What’s the real solution? Sadly, it’s not as simple as building your own fancy filtered statistics or indexes because date & reputation values are usually parameters that can be set by the user, and vary. I cover better solutions in my Mastering Query Tuning class.
11 Comments. Leave new
When you created those indexes and had statistics built – why did SQL server still over estimate the number of rows? It sounds like you’re saying because the parameter values always change. But with statistics and indexes in place shouldn’t SQL Server be able to come up with an appropriate execution plan?
When you say “why”, that becomes a tricky question.
If you’re asking, “What happened that caused SQL Server to over-estimate the number of rows,” that’s the Venn diagram picture. SQL Server uses each statistic independently: it knows how large each circle is, but it doesn’t know how the circles overlap.
If you’re asking, “Why hasn’t Microsoft fixed that?”, you would want to ask Microsoft that, not some fella with a blog. 😉 But I would hazard a guess that they don’t fix things people don’t complain about, much less don’t KNOW about. Most folks don’t even know about this level of estimation problem.

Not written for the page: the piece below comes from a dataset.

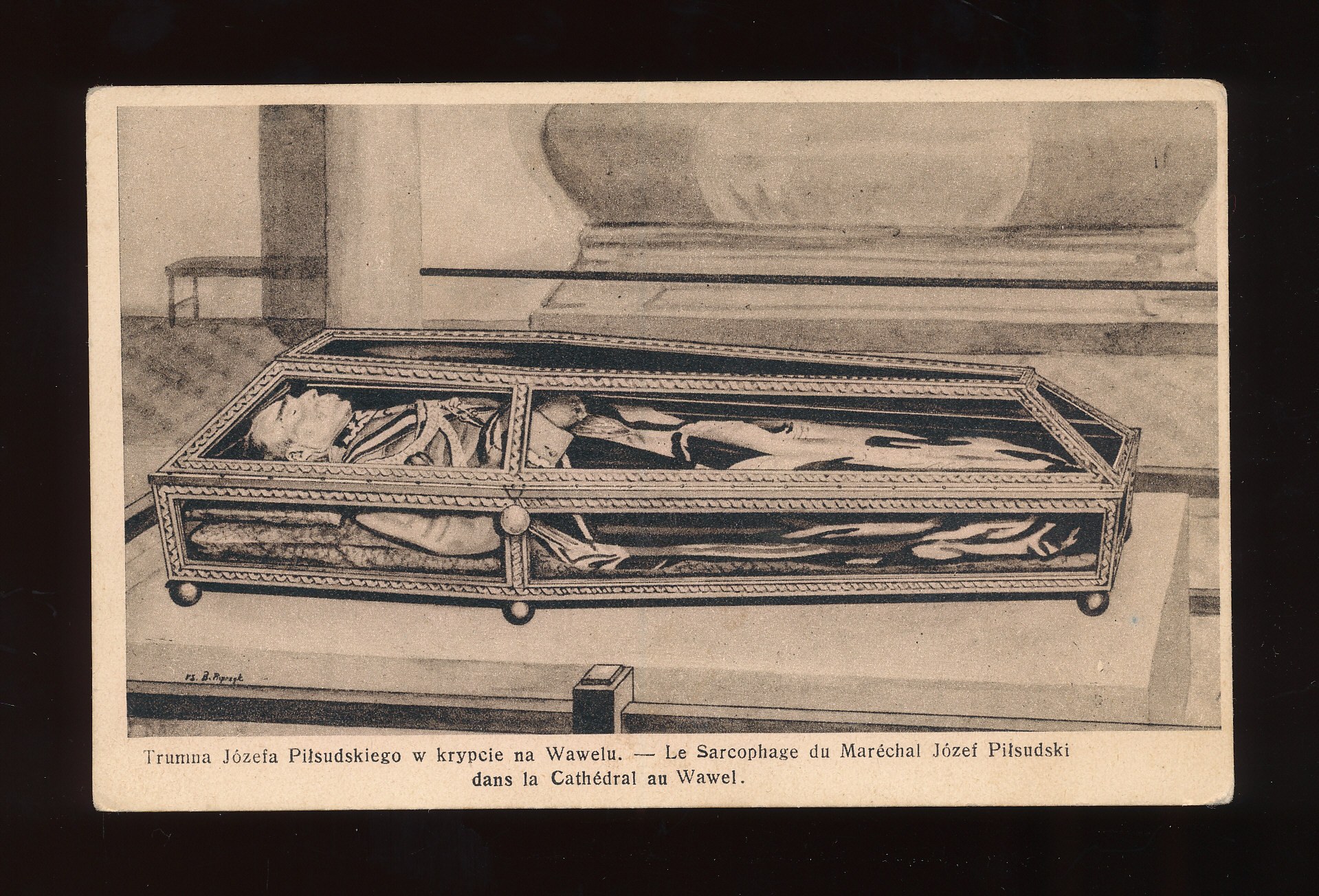 II Rp. „Trumna Józefa Piłsudskiego w krypcie na Wawelu”. Wydawca: Polonia, Kraków. Wym. 14 x 8,9 cm

I didn’t notice it either until it became grossly obvious yesterday when we found a query in production asking for 11 GB of memory and it only needed 25 MB.
Clearly, the fix is for Microsoft to add a “estimate rows” query hint or a “memory grant” query hint.
No, I’m not being serious.
Maybe I am looking at this wrong but does “update statistics” not help this or am I being too simplistic here?
No, that doesn’t help here either. Definitely download the databases and give ‘er a try – that’s why I use open source databases and scripts, so you can test those kinds of ideas.
Hi Brent!
Thank you for this great post!
What happens if you set the compatibility level = 150 when you use index hint.
I think IQP (memory grant feedback) can help.
Regards!
Hi, Mehdi. Like we talked about yesterday in email, I can’t do work for you for free.
If you want me to do work for you, you need to click Consulting or Training at the top of the site.
Thanks for understanding. (And for the record, no, memory grant feedback does not help with row estimates.)
I also rewrote the query as follows
SELECT Id into #Tbl
FROM dbo.Users
WHERE CreationDate > ‘2018-05-01’
AND Reputation > 100
Select u.* From dbo.Users
Inner join #Tbl
On u.id = #Tbl.id
ORDER BY DisplayName
Thanks again!
Yes sir!
I just wanted to share my test result. Thank you!
No, Mehdi, you’re commenting on something else. I’m talking about where you asked me to do work for you.
Let’s call it quits here, okay? Thanks for understanding.